**Aim of the task:** Pictures must not appear in the copy. Reproduce exactly, and only, the lines from the one with "We present a" through the end of the data below.

**Dataset excerpt:**
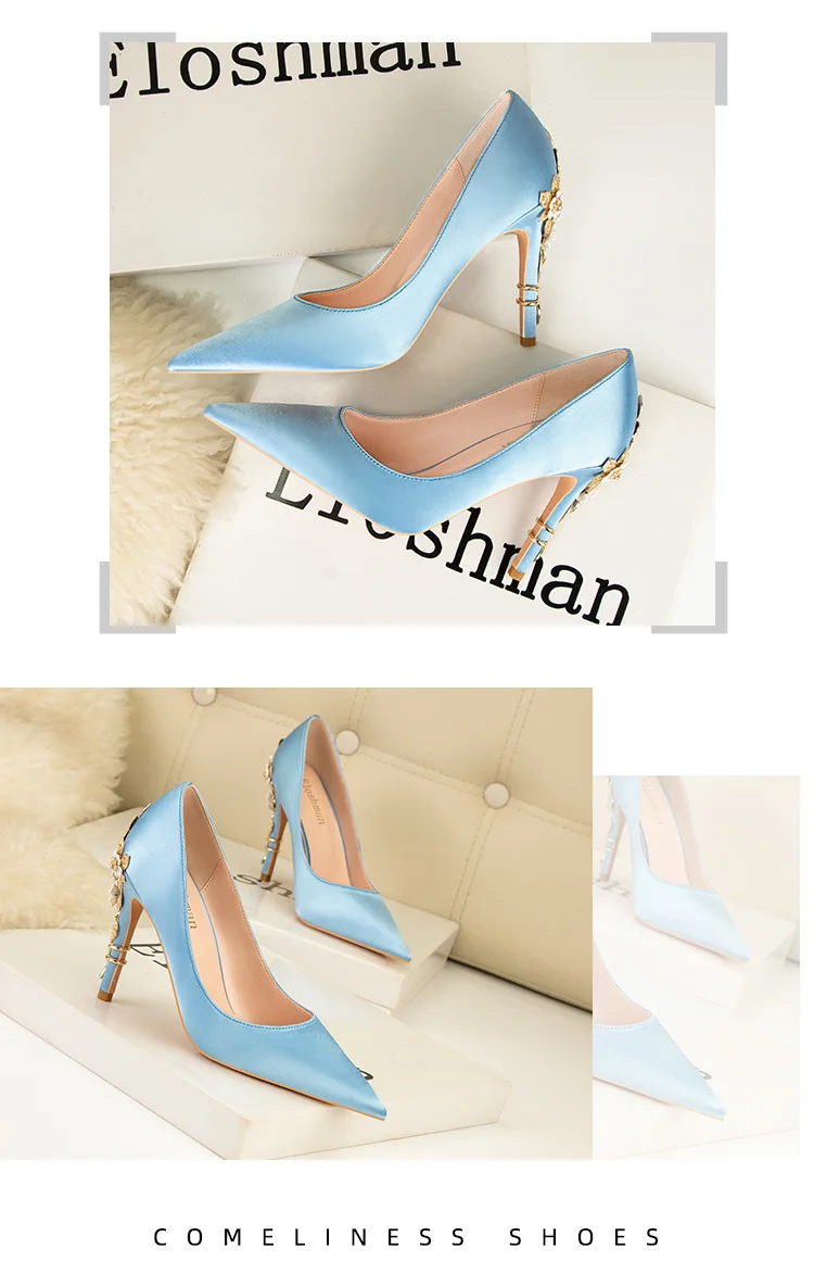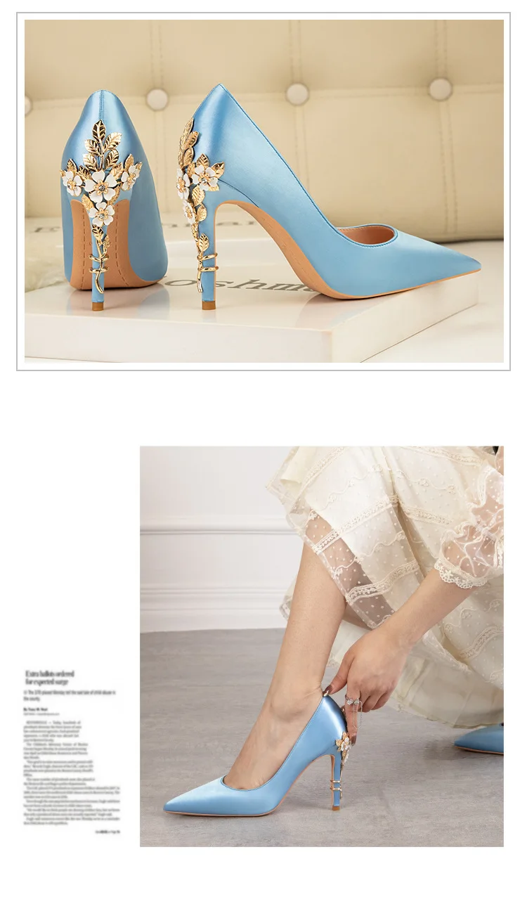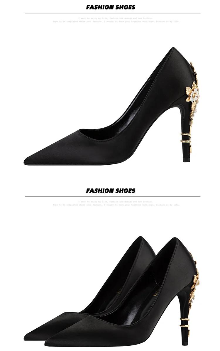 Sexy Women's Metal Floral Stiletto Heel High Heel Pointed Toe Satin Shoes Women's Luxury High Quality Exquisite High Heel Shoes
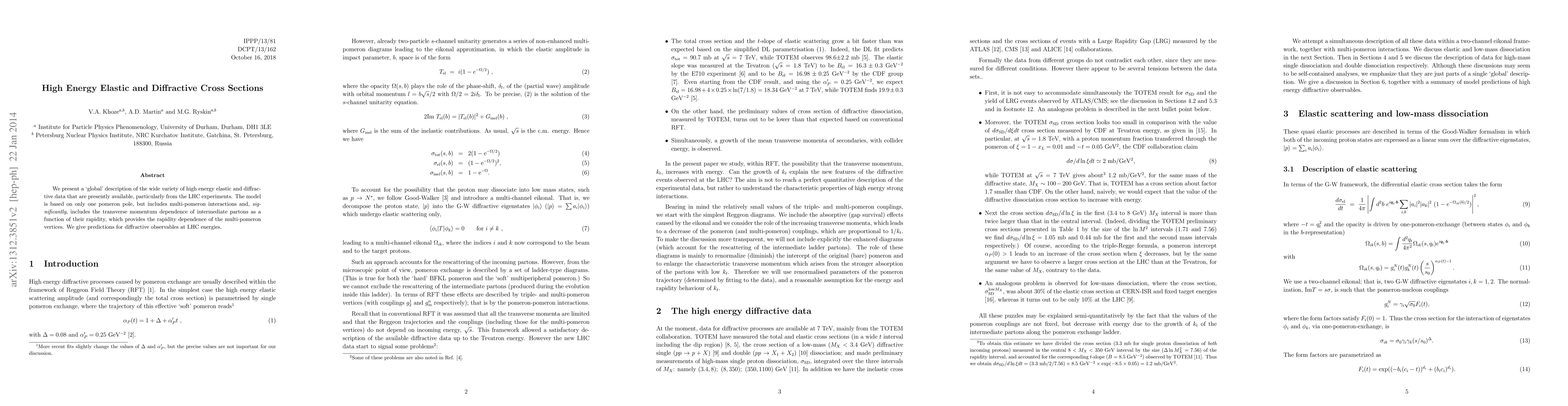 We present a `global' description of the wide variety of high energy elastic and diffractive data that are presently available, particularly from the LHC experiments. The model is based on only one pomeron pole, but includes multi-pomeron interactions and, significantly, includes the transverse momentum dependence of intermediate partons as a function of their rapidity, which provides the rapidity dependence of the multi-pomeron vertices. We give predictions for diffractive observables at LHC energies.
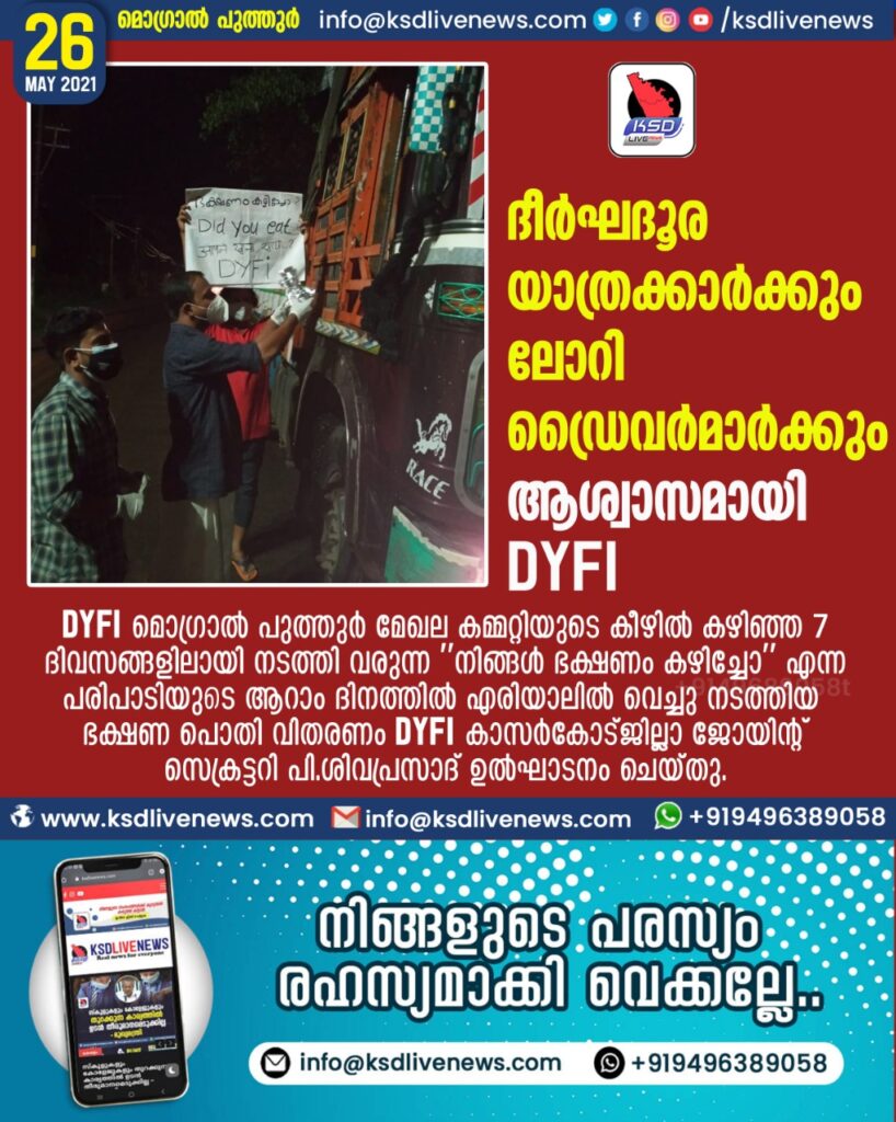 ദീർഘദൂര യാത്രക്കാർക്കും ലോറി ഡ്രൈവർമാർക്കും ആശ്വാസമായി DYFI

**Task solution:**
 We present a `global' description of the wide variety of high energy elastic and diffractive data that are presently available, particularly from the LHC experiments. The model is based on only one pomeron pole, but includes multi-pomeron interactions and, significantly, includes the transverse momentum dependence of intermediate partons as a function of their rapidity, which provides the rapidity dependence of the multi-pomeron vertices. We give predictions for diffractive observables at LHC energies.
 ദീർഘദൂര യാത്രക്കാർക്കും ലോറി ഡ്രൈവർമാർക്കും ആശ്വാസമായി DYFI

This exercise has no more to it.